Many have had to shut down small businesses but cannot return to the devastated plantation sector either. The lack of fuel has further hobbled job prospects, even for the self-employed. Auto drivers are unable to repay the loans because of the fuel scarcity. Domestic violence against women is increasing.
Children in the hill country face uncertainty because fuel shortage and uncertain public transport has meant that teachers are unable to reach schools in the remote areas. So the number of children going to schools has also reduced. In such a situation, many children have joined the labour force as their parents are unable to make ends meet given the rising prices. With schools closed, parents are taking the children along to work. This is going to create a problem of dropouts with children abandoning studies.
In this scenario what is going to be the future of the hill country people? Already malnutrition was seen; now many more are being pushed to the brink. Pressure on the micro-finance sector has shot up and lenders are chasing people to repay loans. Many suicides have been reported as a result.
Aid distribution scam
Amid the terrible scarcity, food aid sent from Tamil Nadu for the Tamil people has not reached the intended beneficiaries. Aid was given to one particular party for distribution. However, this reporter was told by the people that relief material was not distributed properly and only a few things were given. I urge the Tamil people of India that either the state government or the Indian government should keep track to ensure proper relief distribution. If you don’t do that then the help that you are giving is like throwing salt into the ocean.
Children in the hill country face uncertainty because fuel shortage and uncertain public transport has meant that teachers are unable to reach schools in the remote areas
So how are the hill country Tamils going to face the situation? What kind of an alternative solution are the political parties proposing? What is the current government going to do for this Sri Lanka plantation people who are the backbone of the economy is a crucial question.

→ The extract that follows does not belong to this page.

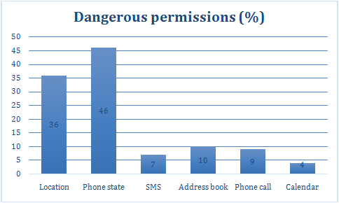 From the graph, you can see that of the 75K+ Android apps analyzed, 36% of the apps request location permissions. 46% of apps are asking for the phone's state permission, which allows apps to access your SIM card information, IMEI number etc. 7% of apps are requesting SMS permissions, 10% request access to a user’s address book and 4% request access to the calendar.

I should stress something else as well. During the 40-year war and in the last war most of the lives lost were among the hill country people. These are the people who settled in the 70s and 80s in the Vanni area. Not just that, after the armed groups started they committed their children to these struggles. Even now if we go and talk to the people in Vanni we can know that many of them are hill country people.

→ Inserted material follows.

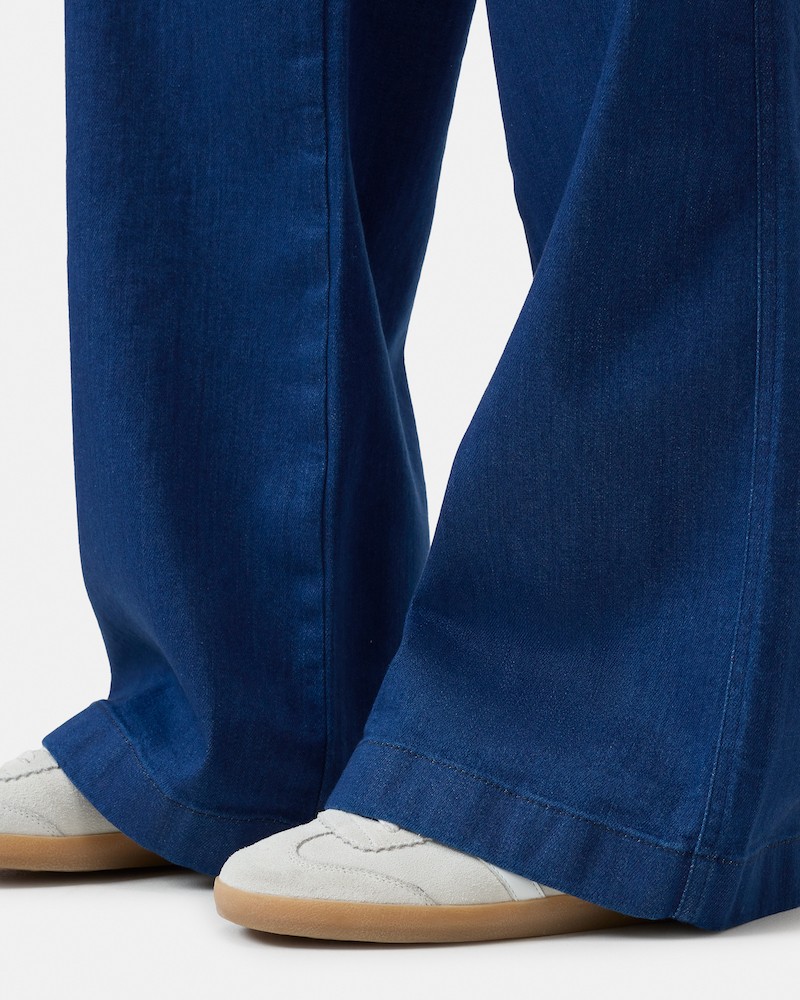 Aria jeans i klar blå vask i blød super stretch bomulds denim og lyocell. Fremstillet i Italien af Candiani stretch denim, og usædvanligt behagelige at have på. Aria har høj talje med brede bælte-loops og påsyede lommer foran. De lange ben med vidde og fuld længde. Findes i to længder.

That a well known Liberation Tigers of Tamil Eelam women’s wing leader Tamilini was a hill country woman cannot be forgotten. Not just that, even in the recent uprising against the government policies, the contribution of the hill country people was immense. So the contribution of the hill country people to the economy and now in the political changes that are happening in Sri Lanka is immeasurable.
There is a crying need for the poverty stricken, malnourished hill country people of Sri Lanka, bereft of proper education, business opportunities, and civil rights to break the bonds of modern-day slavery. Particularly a society which is at the root of Sri Lanka’s economy must be able to live with dignity and equal rights and the political parties and the politicians representing them must ensure that action is taken for that. Only then will the pain of the Sri Lanka plantation hill country people be relieved.